Ce gouvernement ne sacrifiera pas la biodiversité au profit du climat. Agnès Pannier-Runacher
Pas suffisant cependant, à ce stade en tout cas, pour convaincre Hubert Wulfranc (Gauche démocrate et républicaine), selon qui la biodiversité constituait "le parent pauvre du texte initial". S'il a concédé des améliorations non négligeables grâce au travail conjugué des sénateurs et des députés en commission, il n'en a pas moins déclaré, s'adressant au gouvernement : "Vous revenez sur la suppression de l'article 4, clairement, vous faites régresser le droit de l'environnement". La principale crainte des députés opposés à la généralisation de la RIIPM étant que les dérogations deviennent la norme pour installer des dispositifs d'énergies renouvelables dans des espaces naturels, là où la Nupes notamment, souhaite que soient privilégiés les terrains d'ores-et-déjà artificialisés.
Plusieurs députés ont profité de la tribune qui leur était donnée par la discussion générale sur le texte pour dénoncer l'impréparation dont fait, selon eux, preuve le gouvernement au sujet de la crise énergétique et de ses conséquences éventuelles sur la fourniture d'électricité. Emmanuelle Ménard (non inscrite) a déploré "les errements de l’État stratège", quand Sébastien Jumel (Gauche démocrate et républicaine) a réitéré la demande de son président de groupe, André Chassaigne, d'organiser un débat au Parlement sur les risques de coupures d'électricité au cours de l'hiver.
À propos du projet de loi, Les Républicains et le Rassemblement national ont fait part de leurs vives critiques à l'endroit de la copie du gouvernement. Emmanuel Maquet (LR) a , lui aussi, dénoncé l'élargissement de la RIIPM au détriment "de la faune et de la flore", avant de déplorer le manque de considération faite par le texte aux "territoires" et aux élus. Jean-Philippe Tanguy (RN) a, pour sa part, mené une attaque en règle contre les éoliennes et les panneaux solaires : "Plus vous développez les énergies intermittentes, plus vous nous lierez aux énergies fossiles, en particulier au gaz, elles fonctionnent de pair", a affirmé le député.
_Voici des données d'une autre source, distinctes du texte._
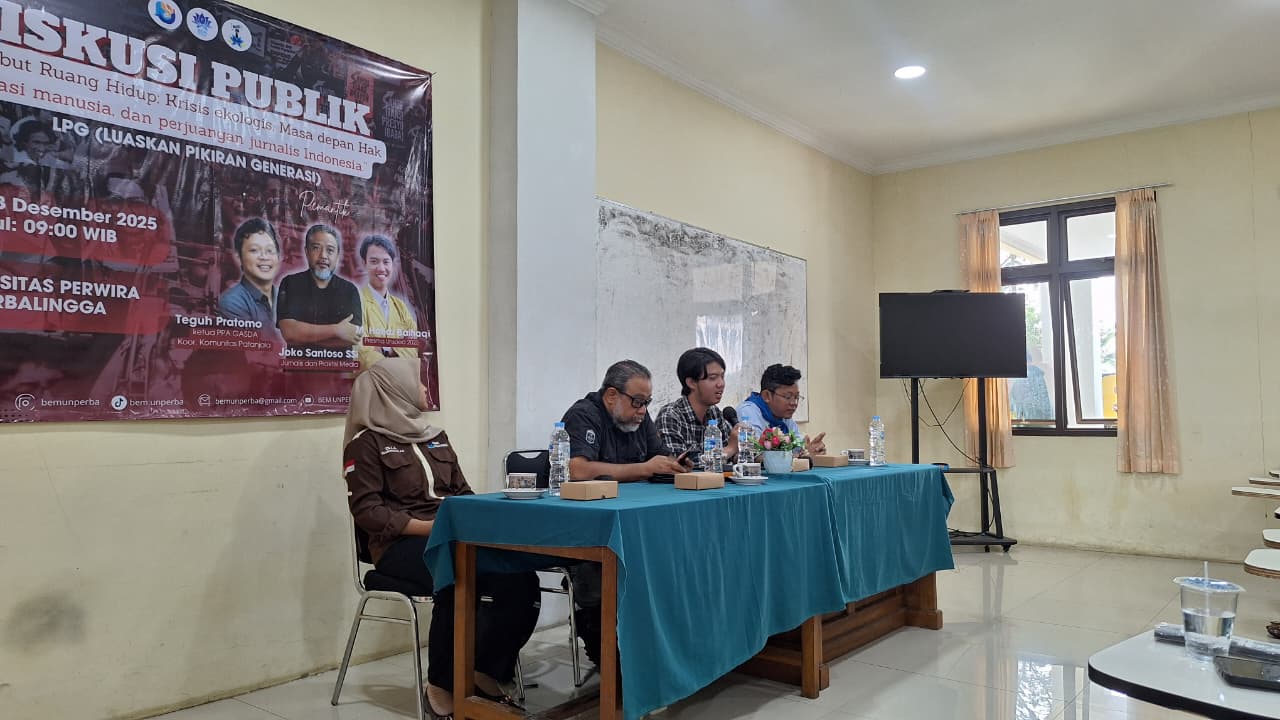 BERITAOPINI.ID PURBALINGGA JATENG Badan Eksekutif Mahasiswa Universitas Perwira Purbalingga (BEM Unperba) menggelar diskusi publik bertajuk “Merebut Ruang Hidup: Krisis Ekologis, Masa Depan HAM, dan Perjuangan Jurnalis Indonesia”. Kegiatan ini menghadirkan sejumlah narasumber dari latar belakang akademisi, aktivis lingkungan, hingga praktisi media, dan bertujuan membangun kesadaran bersama terkait ancaman krisis ekologis serta dampaknya terhadap hak asasi manusia (18/12/2025).
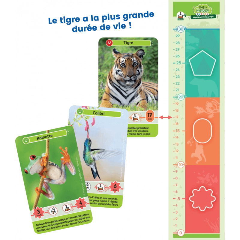 VARIANTES DES RÈGLES DU JEU DÉFIS NATURE JUNIOR - MYSTÈRE DE LA JUNGLE ! Pimentez vos parties de jeu avec la variante expert ! Le degré de menace qui pèse sur les espèces peut retourner la situation. Si l’animal d’un joueur est menacé (pastille rouge) alors que celui du joueur qui a ouvert la manche ne l’est pas (pastille verte), il peut changer la caractéristique d’affrontement ! Il existe également une règle spécifique pour jouer seul ! Le joueur choisit une caractéristique, retourne les 5 cartes qu’il a préalablement piochées et tente de trouver l’animal le plus rapide ou celui qui vit le plus longtemps !

Du côté des Écologistes, Charles Fournier a salué des "avancées" et un "bon texte de méthode", avant de souligner l'importance d'"une loi de programmation ambitieuse" et d'un devoir de vigilance sur la RIIPM et l'agrivoltaïsme, tandis que Marie-Noelle Battistel (Socialistes et apparentés) a évoqué "deux points durs" persistants à ce stade dans le texte, à savoir "le solaire au sol" et "la question du partage de la valeur". "L'accueil d'installations de production d'EnR n'est pas une charge qui implique une indemnisation, mais une contribution à un effort national", a-t-elle aussi estimé, critiquant le principe d'une remise sur le prix des factures d'électricité pour les usagers résidant à proximité de ces installations. La députée a indiqué que si les modifications proposées par son groupe étaient prises en compte, elle et ses collègues du groupe Socialistes seraient en mesure de voter le texte "comme si c'était presque le nôtre".